The touchpad is one of the biggest I’ve seen in a laptop, so you can move your cursor around the large screen without having to lift your finger. I also like that the area you can press for a left or right mouse click is correspondingly giant, extending two-thirds of the way up the pad. I never had to look down to see where my finger was before trying to click.
Most importantly, it’s ultra responsive to movements, taps, and zoom swipes. Not once did my tap fail to register, and not once did it mistake a tap for a mouse click.
The one imperfection is that it doesn’t feel smooth to the touch. I felt like I had to drag, rather than glide, my finger around it.
On the keyboard above it, the keys press and rebound with the right level of tension, and they're stiff enough to avoid accidental presses. Each key dips in the middle, and more than on most laptops, guiding your fingers into position during hectic gaming sessions.
It jams more keys in than other laptops this size, with a full set of function keys, play/pause and rewind/forward buttons, a compact number pad, a dedicated button for Acer's control center, and an in-line power button, which frees up space beneath the screen for a key that you click to switch between performance modes.
One negative: Some important keys for gaming are too small.

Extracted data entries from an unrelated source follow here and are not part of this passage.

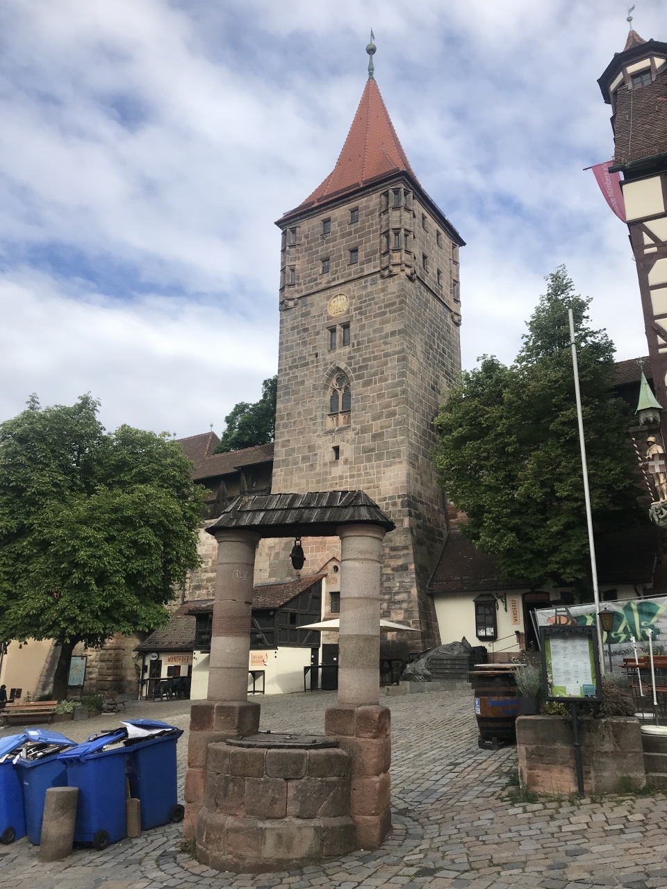 高台にあるニュルンベルク城に登ってニュルンベルクの市街を一望した後に、デューラーの家の方向へ西側に降りて行くと、ちょっと開けた場所に出ました。ティアガートナープラッツやデューラーの家のような木組の家が何軒かあって、眺めの良い場所です。ここからヘンカーシュテークまで散策しましたが、楽しい散歩でした。
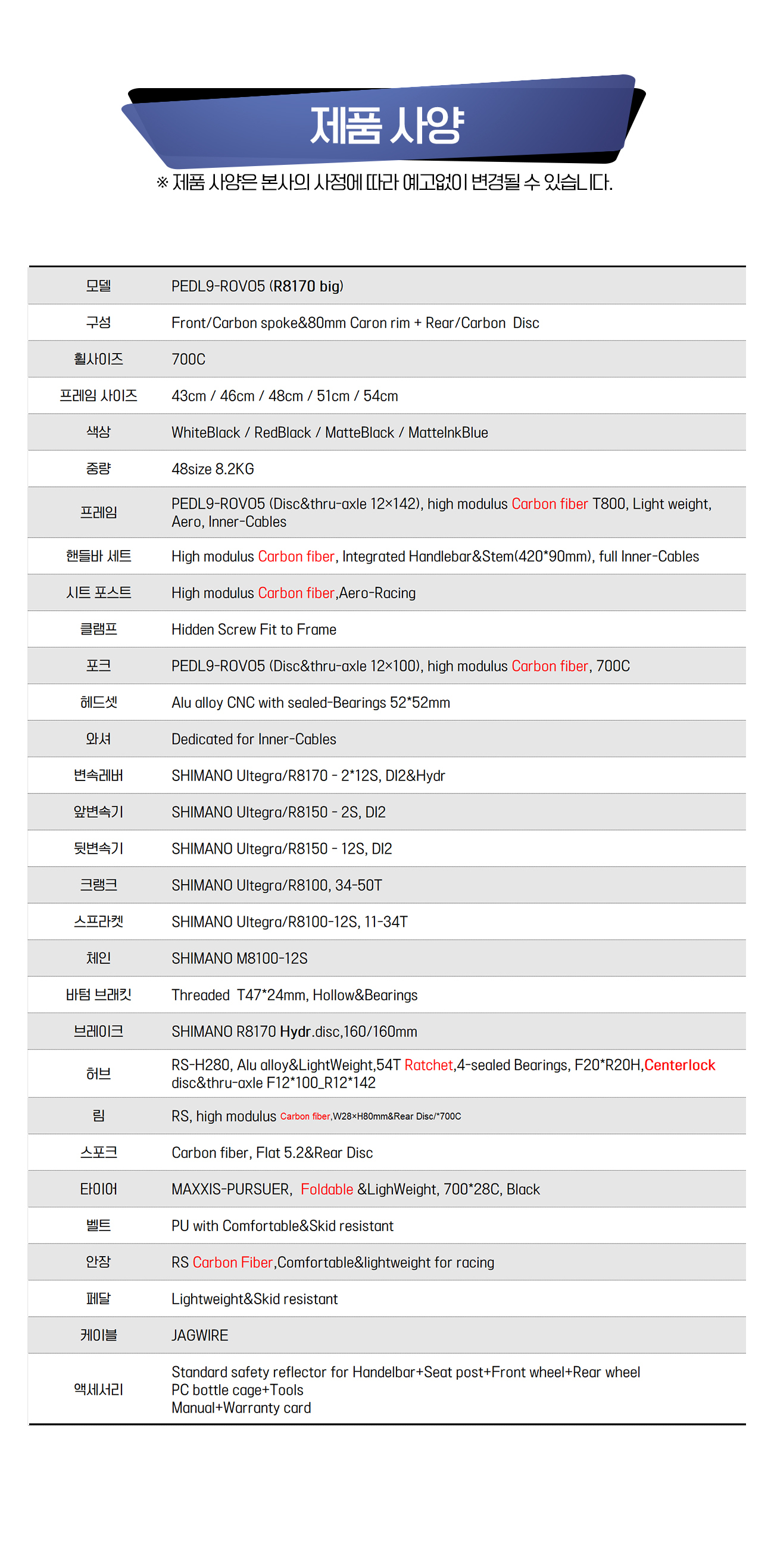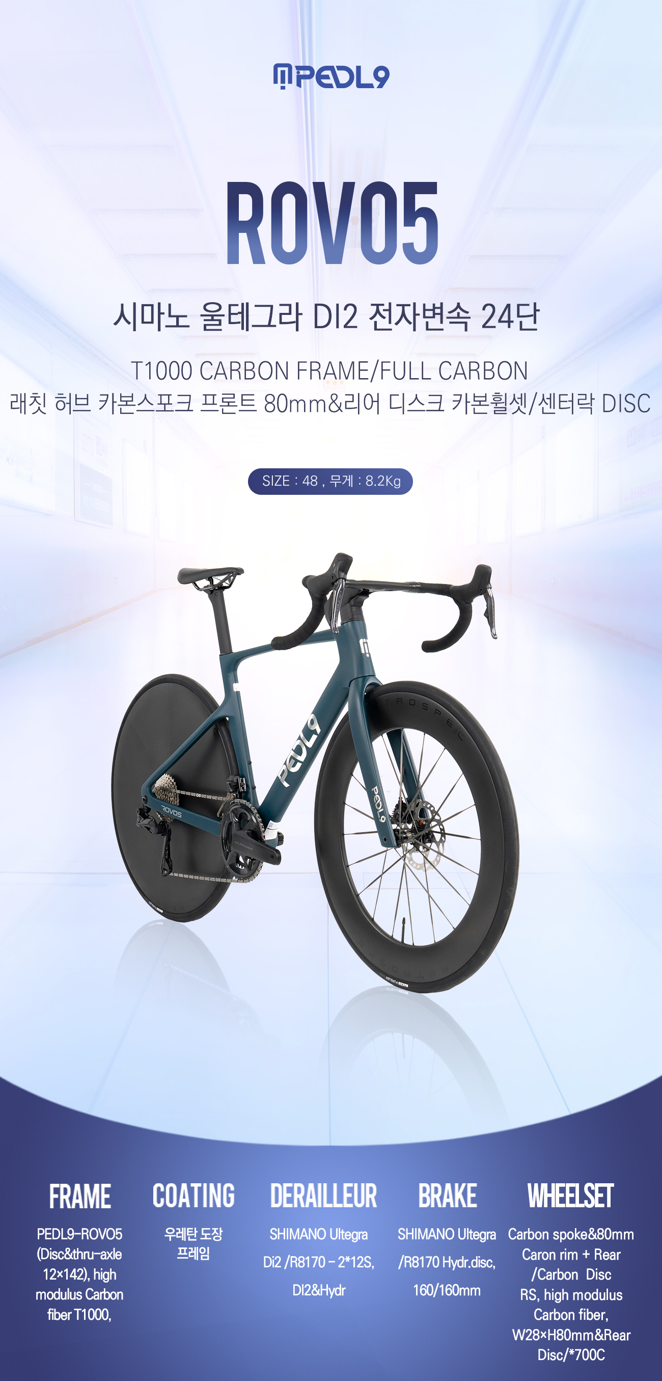 페들나인자전거 PEDL9 ROVO5 시마노 ULTEGRA Di2 전자변속 24단 래칫 디스크 카본스포크카본휠셋 풀카본
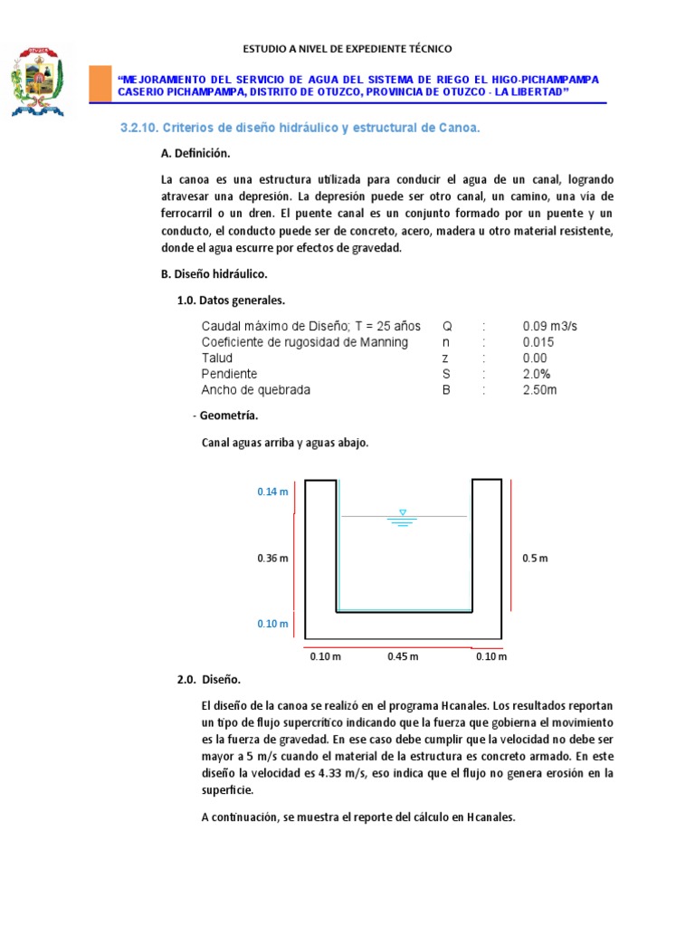 Diseño de Canoa para Riego en Otuzco
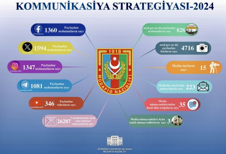 Azərbaycan Respublikası Müdafiə Nazirliyinin (MN) Kommunikasiya Strategiyasında 2024-cü il ərzində qarşıya qoyulmuş məqsədlərə nail olunması istiqamətində müvafiq tədbirlər icra edilib.
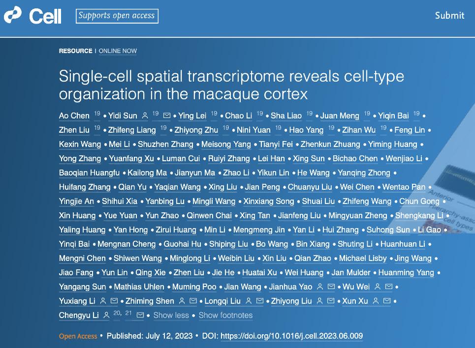 Cell期刊官網截圖 大腦由哪些細胞組成、這些細胞的空間分布有什麼規律是腦科學的基本問題,其重要性類似於人類基因組計劃完成的DNA鹼基序列。中國科學院腦科學與智能技術卓越創新中心(神經科學研究所)與華大生命科學研究院、臨港實驗室、上海腦科學與類腦研究中心、騰訊人工智能實驗室等單位組成的百餘人攻關團隊,成功繪製出獼猴大腦皮層的細胞類型分類樹,並揭示了細胞類型組成和靈長類腦區層級結構之間的關係,為進一步研究各類神經元之間的連接提供了分子細胞基礎。 獼猴是演化上最接近人類的模式動物,其大腦中包含超過60億個神經元。文章共同通訊作者、中國科學院腦科學與智能技術卓越創新中心研究員李澄宇(現臨港實驗室研究員)表示,大腦的細胞組成及其空間分布規律是腦科學的基本問題,而獼猴的大腦皮層組織在很多方面與人類相似。
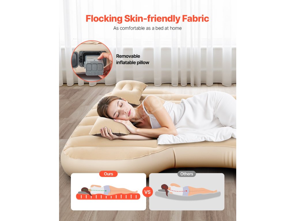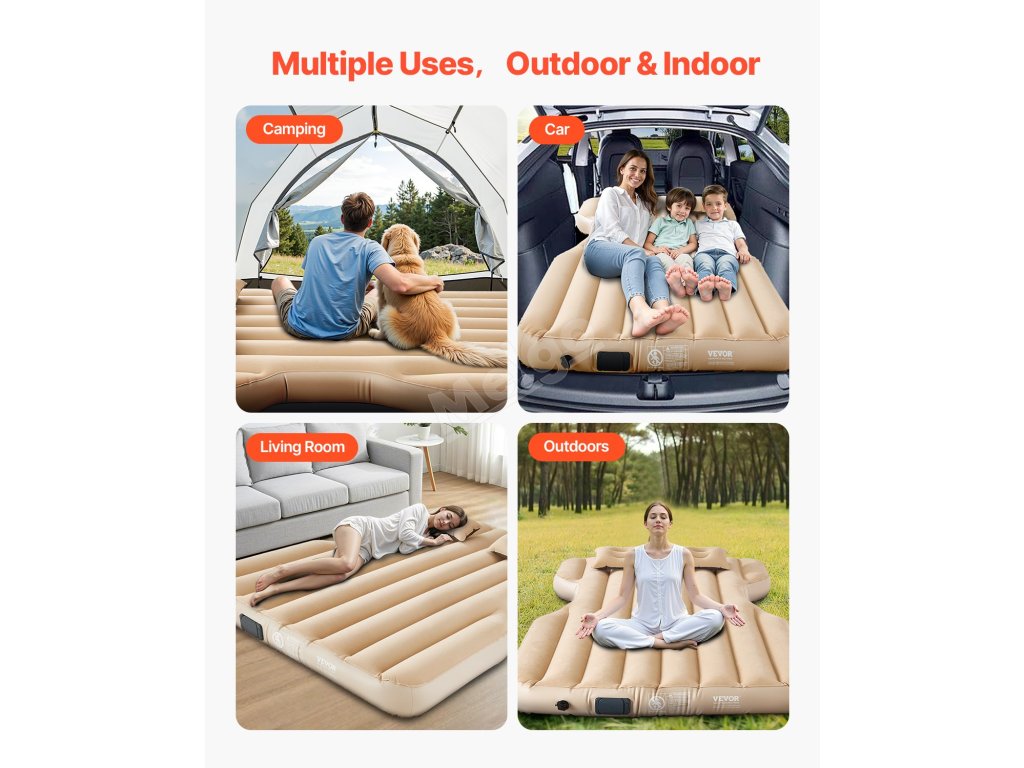 Nafukovací matrace do auta je vyrobena s měkkým a pohodlným flokovaným povrchem a vysoce kvalitním PVC, které kombinují odolnost proti vodě a estetický vzhled. Ergonomický design poskytuje odpružení a tlumení nárazů, zatímco vynikající vzduchotěsnost zajišťuje nerušený odpočinek.
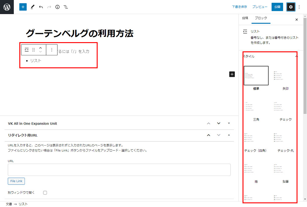 - ブロックエディタ(Gutenberg)リスト編の使い方がわからない?
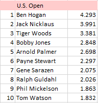 The first column, “Posts,” counts the number of majors a player finished that gave him at least a 0.1% chance of winning. Nicklaus’s completed 53 majors where his 72-hole total was good enough to at least give him a chance to win, 21 more than second-place Tiger Woods.
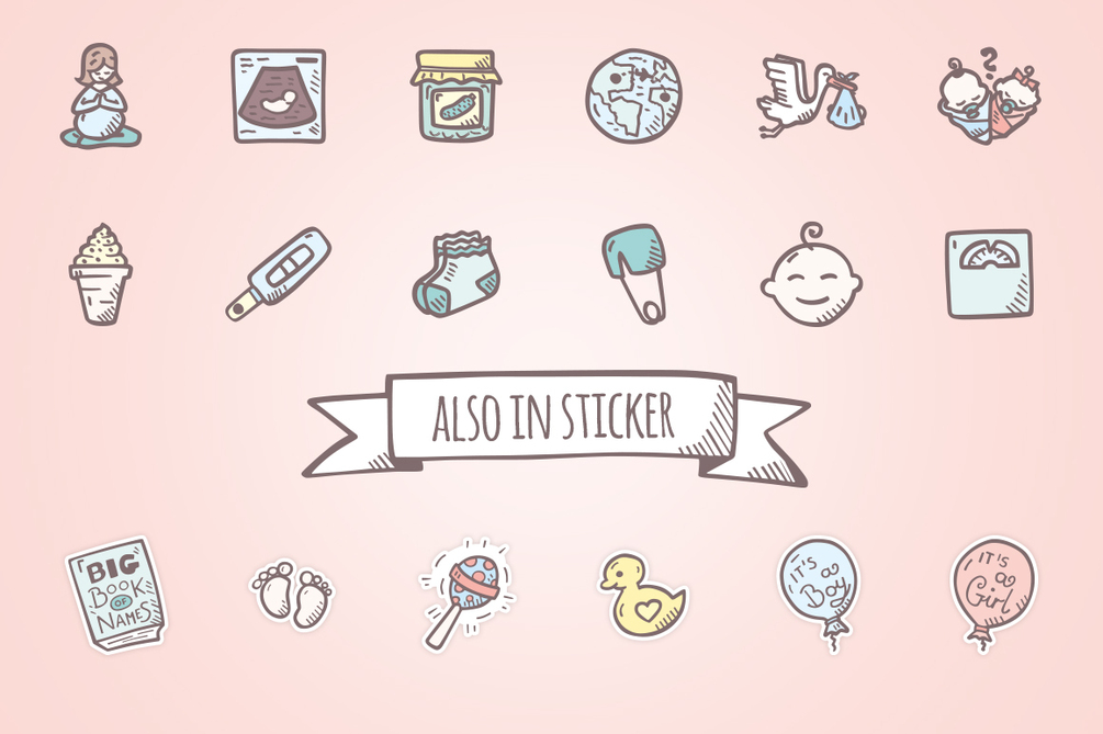A massive collection of beautiful and cute hand drawn icons, all about baby shower. This icon set will help you create super cute baby shower decorations, invitations and game cadrs. They are perfect as blog post illustration as they all come in SVG format. You will also be able to print your own stickers, as each icon have a sticker version.
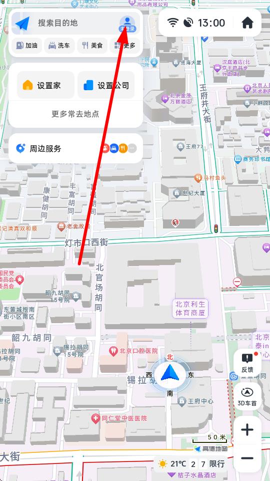 1、在高德地圖主界面,點(diǎn)擊頭像圖標(biāo)進(jìn)入個(gè)人中心界面。
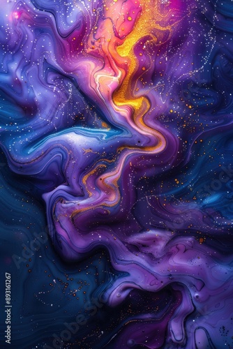 © Muhammad, Obraz premium Holographic iridescent fluid texture background.
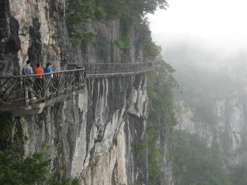 지금 우리나라관광객들은 물론 외국관광객들이 많이 찾는 이 천문산의 잔도는 다른 잔도와 달리 모든 길은 절벽의 꼭대기에 있지도 않고 절벽의 한쪽에도 있지도 않고, 모든 잔도가 만장절벽의 중간에 서 있어 절벽과 함께 기복이 심한 느낌을 준다.
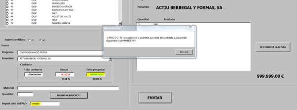 Private Sub Enviar_Click() If falta_gastar.value < total.value Then MsgBox (" El PREU TOTAL és superior al la quantitat que resta del contracte. La quantitat disponible és de " & falta_gastar.value & " €") Total.setfocus Exit Sub Else If totalArt > 0 Then For i = 0 To totalArt - 1 Dades_taulaRow.Range(i + 1, 1).value = Me.num_consecutiu.Caption Dades_taulaRow.Range(i + 1, 2).value = Me.num_equipament_final.Caption Dades_taulaRow.Range(i + 1, 3).value = Me.tipologia_final.Caption Dades_taulaRow.Range(i + 1, 4).value = Me.nom_equipament_final.Caption Dades_taulaRow.Range(i + 1, 5).value = Me.municipi.value Dades_taulaRow.Range(i + 1, 6).value = Me.comarca.value Dades_taulaRow.Range(i + 1, 7).value = Me.provincia.value Dades_taulaRow.Range(i + 1, 8).value = Me.Entitat.Caption Dades_taulaRow.Range(i + 1, 9).value = Me.programa_final.Caption Dades_taulaRow.Range(i + 1, 10).value = Me.FA_final.Caption Dades_taulaRow.Range(i + 1, 11).value = Me.pad_final.Caption Dades_taulaRow.Range(i + 1, 12).value = Me.proveidor_final.Caption Dades_taulaRow.Range(i + 1, 13).value = Me.list_productes.List(i, 0) Dades_taulaRow.Range(i + 1, 14).value = Me.list_productes.List(i, 1) Dades_taulaRow.Range(i + 1, 15).value = Me.total_pad.Caption Dim Cel As Range For Each Cel In Range("O3:O9999") If Not IsNumeric(Cel.value) Then Cel.value = WorksheetFunction.Trim(Cel.value) ElseIf TypeName(Cel.value) = "String" Then Cel.value = Cel.value + 1 - 1 End If Next Cel Dades_taulaRow.Range(i + 1, 16).value = Me.data.value Next i Else MsgBox "No hi ha material a la llista", vbInformation, "Res..." Exit Sub End If End If MsgBox ("ENREGISTRAT CORRECTAMENT") End sub
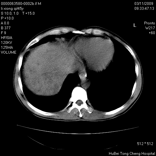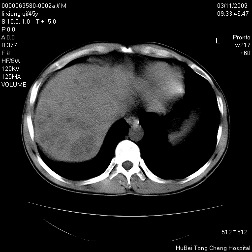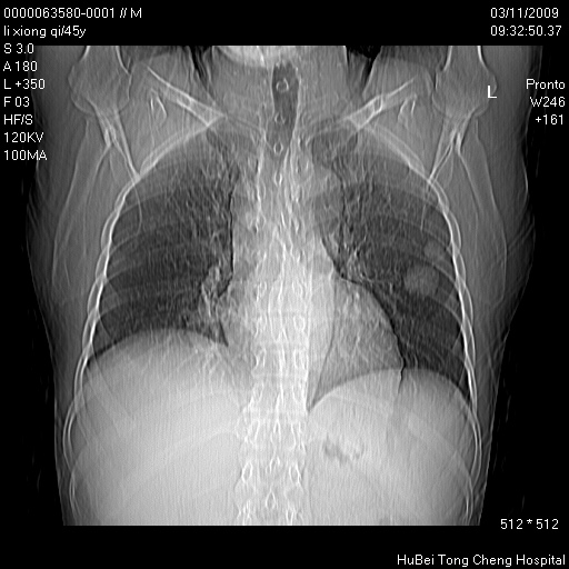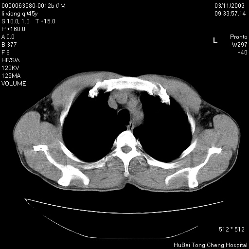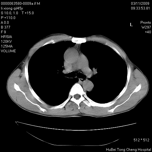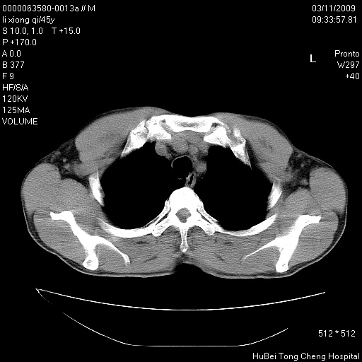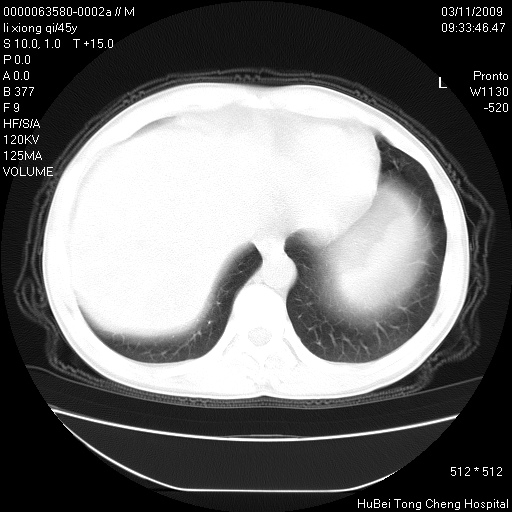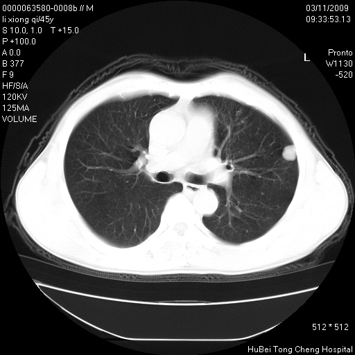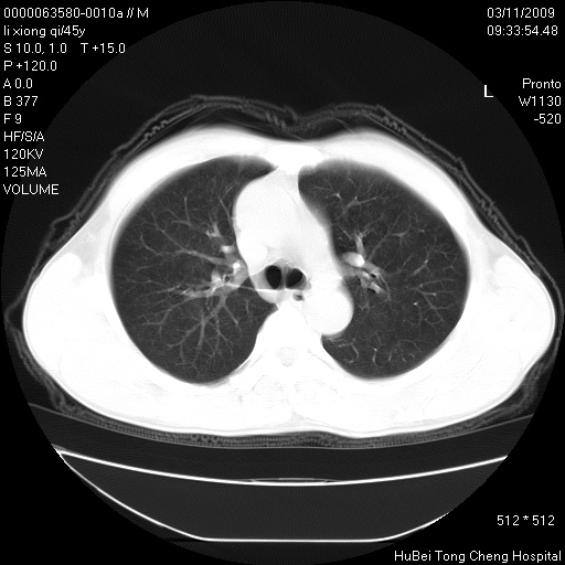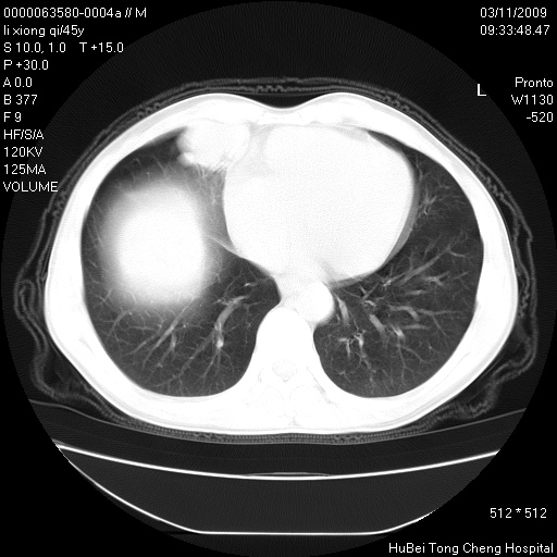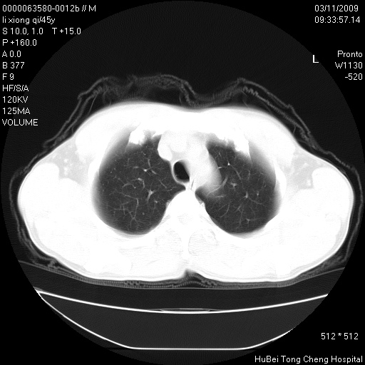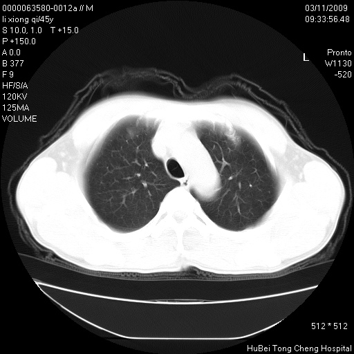 CT18634:M,45Y。胸痛,咳嗽伴痰中带血1月余。

The left shift – the one you might use for sprinting in a first-person shooter – is about half the size of a normal shift key, and far smaller than the right shift key, which is less important for gaming. Tab is similarly stunted, and the bottom row of keys is slightly shorter than the others, which includes left control (which I always assign to crouch). It's a design choice I don't understand.
As you can tell, on the design front the Predator Helios 16 is far from perfect.
But that can’t be said of one huge selling point of this machine: The delightful 2560x1600p display, with a refresh rate of 240Hz.
The variant I tested didn’t have the mini-LED display that the most expensive version of this laptop has, but the IPS LCD screen still felt bright, detailed, and colorful, with pin-sharp faces, crisp particle effects, and suitably foreboding dark areas.
Whether it was orange fires dancing and casting shadows in Diablo 4, lightsabers clashing in Star Wars Jedi: Survivor or red neon signs reflecting in the streets of Cyberpunk 2077, every game I tested looked as good as I’ve seen it on a laptop, clear and vibrant, and a noticeable step up from the 1080p laptop gaming I'm used to.
Acer's brightness promises – 500 nits for my display – appear true, too. I play most of my games next to a large window that lets in a lot of light, and I could comfortably play at around 60% brightness. When I cranked the brightness up during the day, the screen was dazzlingly bright. I could use the laptop outside on a sunny day with no trouble, as long as I avoided the direct reflection of the sun on the screen.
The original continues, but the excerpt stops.